5.Het arrest van het Europees Hof voor de Rechten van de Mens van 4 november 2014, met zaaknummer 29217/12, Tarakhel tegen Zwitserland.
6.Zie vaste jurisprudentie van de Afdeling bestuursrechtspraak van de Raad van State (de Afdeling) van 14 januari 2022 (ECLI:NL:RVS:2022:101) en van 9 mei 2017 (ECLI:NL:RVS:2017:1253).
7.De arresten van het Hof van Justitie van de Europese Unie van 19 maart 2019 in de zaak C-163/17, Jawo tegen Duitsland, en van 19 maart 2019 in de gevoegde zaken C-297/17 & C-318/17 & C-319/17 & C-438/17, Ibrahim e.a. tegen Duitsland, (ECLI:EU:C:2019:219) (het arrest Ibrahim).

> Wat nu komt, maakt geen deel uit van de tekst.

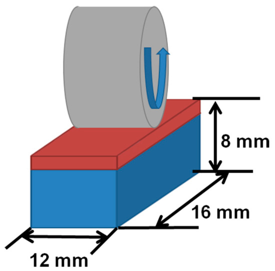 As one of the most used wear test techniques, the ring-block wear test [14,15] was employed to evaluate the wear resistance of the laser-cladded coating. The as-prepared specimen was cut into specimens with dimensions of 12 mm × 16 mm × 8 mm without surface grinding. The wear surface possessed dimensions of 12 mm × 16 mm, as shown in the illustration presented in Figure 1. The wear test was conducted under the dry condition without temperature controlling at room temperature. A M2000 block-on-ring wear test machine (Kesheng, Shandong, China) was employed to conduct the ring-block wear test with a sliding velocity of 0.471 m·s−1 for 30 min. According to the previous literature [16], the applied load was selected to be 100 N. The anti-friction rings were fabricated by GCr15 with a hardness of 750 HV0.3, a diameter of 45 mm, and a thickness of 12 mm.

8.Uitspraak van de Afdeling van 30 mei 2018 (ECLI:NL:RVS:2018:1794).
9.Als bedoeld in het arrest Ibrahim.
10.Zie de uitspraak van de Afdeling van 22 april 2020 (ECLI:NL:RVS:2020:1102).
11.Dit is neergelegd in artikel 6.1e, eerste en tweede lid, van het Vreemdelingenbesluit 2000 in samenhang met artikel 30a, eerste lid, aanhef en onder a, van de Vw 2000.
12.Op grond van artikel 64 van de Vw 2000.